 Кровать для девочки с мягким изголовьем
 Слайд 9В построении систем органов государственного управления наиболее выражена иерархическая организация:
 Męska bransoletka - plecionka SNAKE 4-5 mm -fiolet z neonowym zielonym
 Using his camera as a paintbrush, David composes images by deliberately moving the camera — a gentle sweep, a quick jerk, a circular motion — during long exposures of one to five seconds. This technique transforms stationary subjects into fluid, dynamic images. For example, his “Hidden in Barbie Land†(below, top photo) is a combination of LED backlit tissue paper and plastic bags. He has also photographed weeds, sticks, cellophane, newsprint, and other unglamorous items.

* * *

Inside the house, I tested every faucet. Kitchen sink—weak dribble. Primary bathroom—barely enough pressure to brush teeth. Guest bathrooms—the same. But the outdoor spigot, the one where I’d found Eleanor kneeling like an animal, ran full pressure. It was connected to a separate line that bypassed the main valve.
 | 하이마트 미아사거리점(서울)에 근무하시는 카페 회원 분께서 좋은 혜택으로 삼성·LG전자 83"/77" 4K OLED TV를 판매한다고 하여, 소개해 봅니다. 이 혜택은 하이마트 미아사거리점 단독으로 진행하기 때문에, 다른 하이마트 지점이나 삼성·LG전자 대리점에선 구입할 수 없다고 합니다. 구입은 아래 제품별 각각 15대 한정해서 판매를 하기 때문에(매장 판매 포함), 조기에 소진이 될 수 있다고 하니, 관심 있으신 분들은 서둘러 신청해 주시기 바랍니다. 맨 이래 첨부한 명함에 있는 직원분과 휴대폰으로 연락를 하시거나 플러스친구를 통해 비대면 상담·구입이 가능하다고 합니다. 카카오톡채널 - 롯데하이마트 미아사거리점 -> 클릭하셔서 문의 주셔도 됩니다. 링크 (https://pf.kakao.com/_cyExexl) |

__Problem requirements__: Restate word for word only the lines above from the line containing "Слайд 9В построении" to the line containing "Using his camera", both of them included.

__Final answer__:
 Слайд 9В построении систем органов государственного управления наиболее выражена иерархическая организация:
 Męska bransoletka - plecionka SNAKE 4-5 mm -fiolet z neonowym zielonym
 Using his camera as a paintbrush, David composes images by deliberately moving the camera — a gentle sweep, a quick jerk, a circular motion — during long exposures of one to five seconds. This technique transforms stationary subjects into fluid, dynamic images. For example, his “Hidden in Barbie Land†(below, top photo) is a combination of LED backlit tissue paper and plastic bags. He has also photographed weeds, sticks, cellophane, newsprint, and other unglamorous items.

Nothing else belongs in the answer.